» **Your assignment**:
The line containing "To prepare the" marks the end; return exactly every line from the start of the records up to and including it, but no pictures.

» **Listed records**:
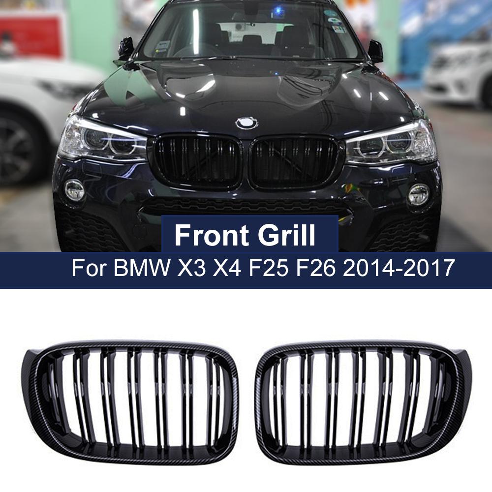 Пара автомобильных решеток на передний бампер из углеродного волокна для BMW X3 X4 F25 F26 2014 2015 2016 2017, двойная планка, отделочная полоса для почек — купить товар онлайн с бесплатной доставкой по всему миру!
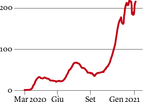 Negli Stati Uniti dovranno passare settimane prima che i dati sull’andamento della pandemia di covid-19 comincino a migliorare. Dall’inizio di dicembre i contagi quotidiani sono stabilmente sopra i 200mila e i morti più di duemila, e continueranno a crescere nella seconda metà di gennaio e all’inizio di febbraio, perché non è stato fatto molto per ridurre i contagi durante le vacanze di Natale. Intanto il piano vaccinale non sta funzionando come previsto. Le autorità sanitarie avevano intenzione di vaccinare venti milioni di persone entro la fine dell’anno, ma al 31 dicembre erano state somministrate solo 2,8 milioni di dosi. “Questo soprattutto perché molti ospedali in tutto il paese non hanno personale e risorse sufficienti”, scrive l’Atlantic.
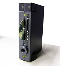 サイズは32.5(高さ)×23(奥行き)×8.8(幅)センチ、重さ約2キロ。ほぼB4サイズの本体中央にスロットインCDプレーヤーを配置し、上部に3ワット+3ワットの3センチフルレンジサテライトスピーカー、下部に3ワットの6センチウーファーを搭載。本棚などに設置できるコンパクトオーディオだ。
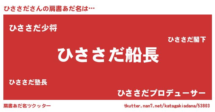 | 欧米人風あだ名 | 『ひささだ・ステッグマイヤー』 |
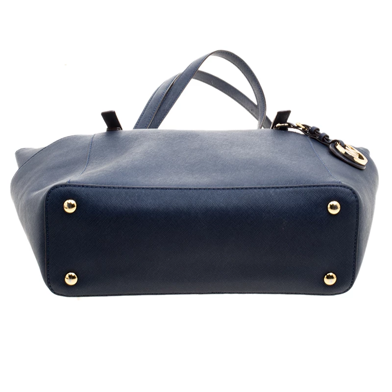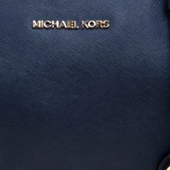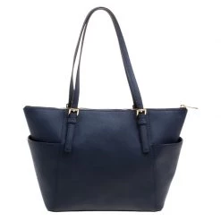 Elevate your style with this gorgeous Top-zip Jet Set tote from Michael Kors. Crafted from blue saffiano leather, the bag features dual top handles, a Michael Kors charm and a slip pocket on each side. It has a spacious fabric lined interior that will hold all your belongings. This beauty is totally worth the splurge!
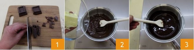 To prepare the Black Forest cake, start with the chocolate base. Roughly chop the dark chocolate 1 and melt it in a bain-marie, ensuring that the bowl does not touch the water below. When the chocolate is completely melted, add the butter 2; let it melt completely, stirring with a wooden spoon 3, then let it cool slightly.
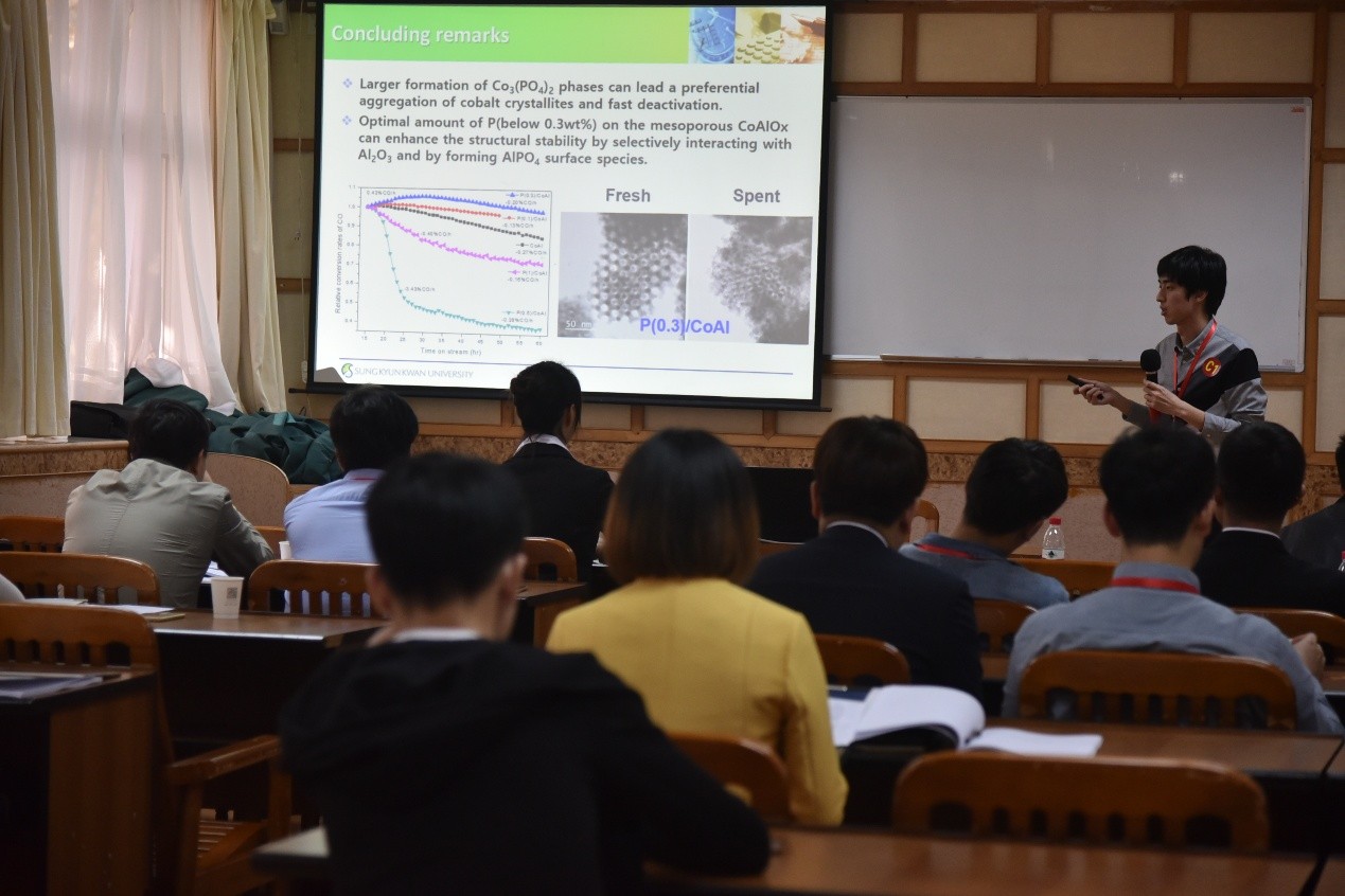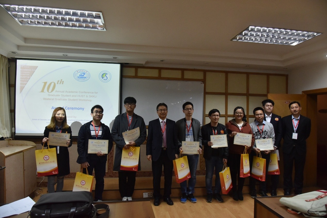 下午5時(shí)40分,英文分會(huì)場(chǎng)閉幕式在一號(hào)樓211會(huì)議室舉行,與此同時(shí),中文會(huì)場(chǎng)閉幕式在西十二教學(xué)樓S207舉行,主持人宣布結(jié)果并由中韓雙方領(lǐng)導(dǎo)頒獎(jiǎng)。韓方Kim教授和中方朱錦濤教授分別致辭并由學(xué)院領(lǐng)導(dǎo)為他們頒發(fā)了證書和獎(jiǎng)品。成均館大學(xué)Kim教授在隨后表達(dá)了對(duì)此次會(huì)議的贊賞,對(duì)為籌辦此次會(huì)議的化學(xué)與化工學(xué)院師生表示了衷心的感謝,他希望中韓學(xué)術(shù)交流繼續(xù)舉辦下去并越來越好。李濤教授在最后的致辭中也表示非常期待明年的學(xué)術(shù)論壇更好并衷心祝愿兩校往來友好。
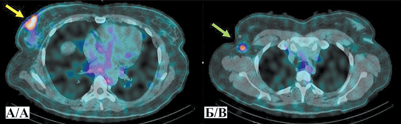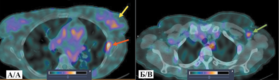 3. Рис. 3. ОФЭКТ/КТ органов грудной клетки больной Д. через 2 ч после инъекции [99mTc]Tc-DB8 в дозировке протеина 80 мкг: А – желтая стрелка указывает на первичную опухоль; Б – зеленая стрелка указывает на метастатический аксиллярный лимфоузел. Примечание: рисунок выполнен авторами
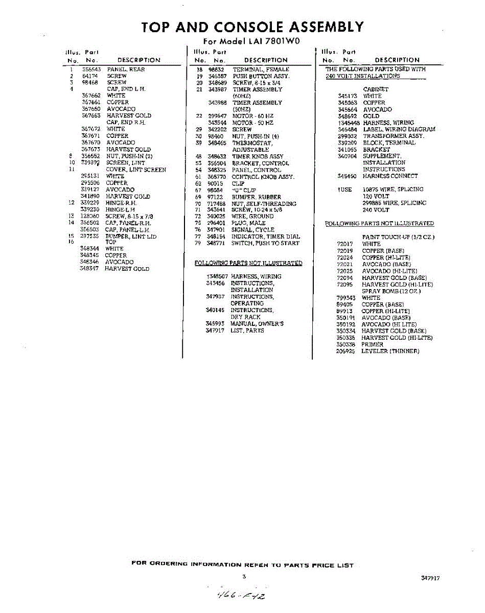 Parts for Whirlpool LAI7801W0: 03 - Lit / Optional Parts
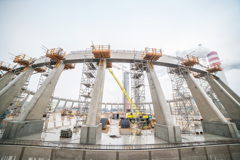 Il progetto include una tubazione sotterranea per l'acqua calda larga 4m e alta 2,7m che va dal perimetro della torre verso il centro dove raggiunge un'altezza di 20m. Le pareti sono state realizzate con la cassaforma ORMA, mentre il perimetro del tetto con tavole VR di due diverse dimensioni: 150 x 270cm e 150 x 360cm facili da movimentare e adattabili ad ogni area.
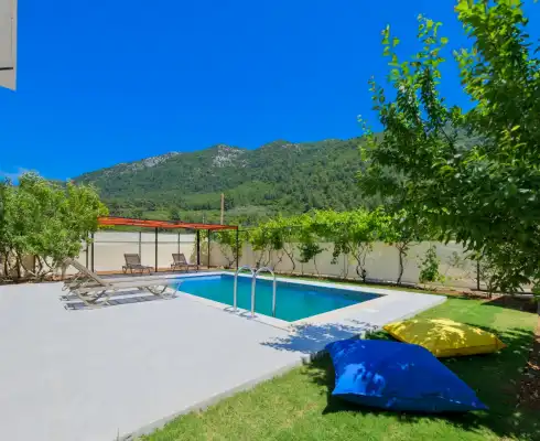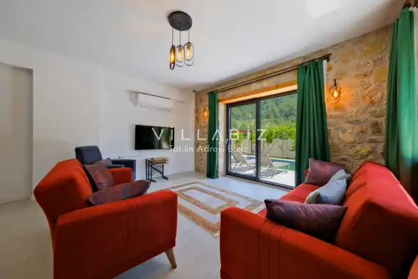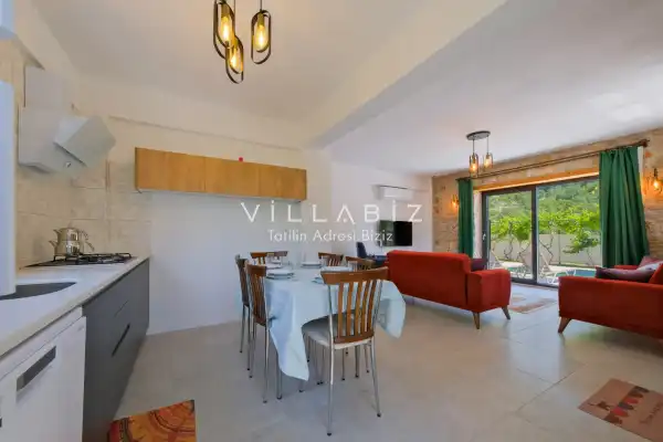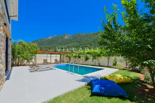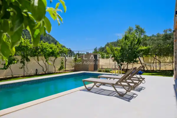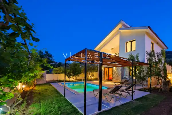 Villamız, Muğla'nın en güzel ilçelerinden biri olan Fethiye'nin Kızılbel mevkinde yer almaktadır. En sevilen tatil beldelerinden biri olan Fethiye, eşsiz güzellikleriyle misafirlerine unutulmaz bir tatil deneyimi sunar. Toplam 3 yatak odasından oluşmuş, 6 kişi konaklama kapasitesine sahiptir. Geniş aileler ve kalabalık arkadaş grupları için oldukça idealdir. Oldukça şık ve modern bir şekilde döşenmiş olan villamızda misafirlerimiz için her şey düşünülmüştür. Havuz terasında bulunan şezlonglarda güneşlenebilir, bahçe masasında muhteşem yemekler yiyebilir, doğa ile içiçe keyifli dakikalar geçirebilirsiniz.

» **Your response**:
 Пара автомобильных решеток на передний бампер из углеродного волокна для BMW X3 X4 F25 F26 2014 2015 2016 2017, двойная планка, отделочная полоса для почек — купить товар онлайн с бесплатной доставкой по всему миру!
 Negli Stati Uniti dovranno passare settimane prima che i dati sull’andamento della pandemia di covid-19 comincino a migliorare. Dall’inizio di dicembre i contagi quotidiani sono stabilmente sopra i 200mila e i morti più di duemila, e continueranno a crescere nella seconda metà di gennaio e all’inizio di febbraio, perché non è stato fatto molto per ridurre i contagi durante le vacanze di Natale. Intanto il piano vaccinale non sta funzionando come previsto. Le autorità sanitarie avevano intenzione di vaccinare venti milioni di persone entro la fine dell’anno, ma al 31 dicembre erano state somministrate solo 2,8 milioni di dosi. “Questo soprattutto perché molti ospedali in tutto il paese non hanno personale e risorse sufficienti”, scrive l’Atlantic.
 サイズは32.5(高さ)×23(奥行き)×8.8(幅)センチ、重さ約2キロ。ほぼB4サイズの本体中央にスロットインCDプレーヤーを配置し、上部に3ワット+3ワットの3センチフルレンジサテライトスピーカー、下部に3ワットの6センチウーファーを搭載。本棚などに設置できるコンパクトオーディオだ。
 | 欧米人風あだ名 | 『ひささだ・ステッグマイヤー』 |
 Elevate your style with this gorgeous Top-zip Jet Set tote from Michael Kors. Crafted from blue saffiano leather, the bag features dual top handles, a Michael Kors charm and a slip pocket on each side. It has a spacious fabric lined interior that will hold all your belongings. This beauty is totally worth the splurge!
 To prepare the Black Forest cake, start with the chocolate base. Roughly chop the dark chocolate 1 and melt it in a bain-marie, ensuring that the bowl does not touch the water below. When the chocolate is completely melted, add the butter 2; let it melt completely, stirring with a wooden spoon 3, then let it cool slightly.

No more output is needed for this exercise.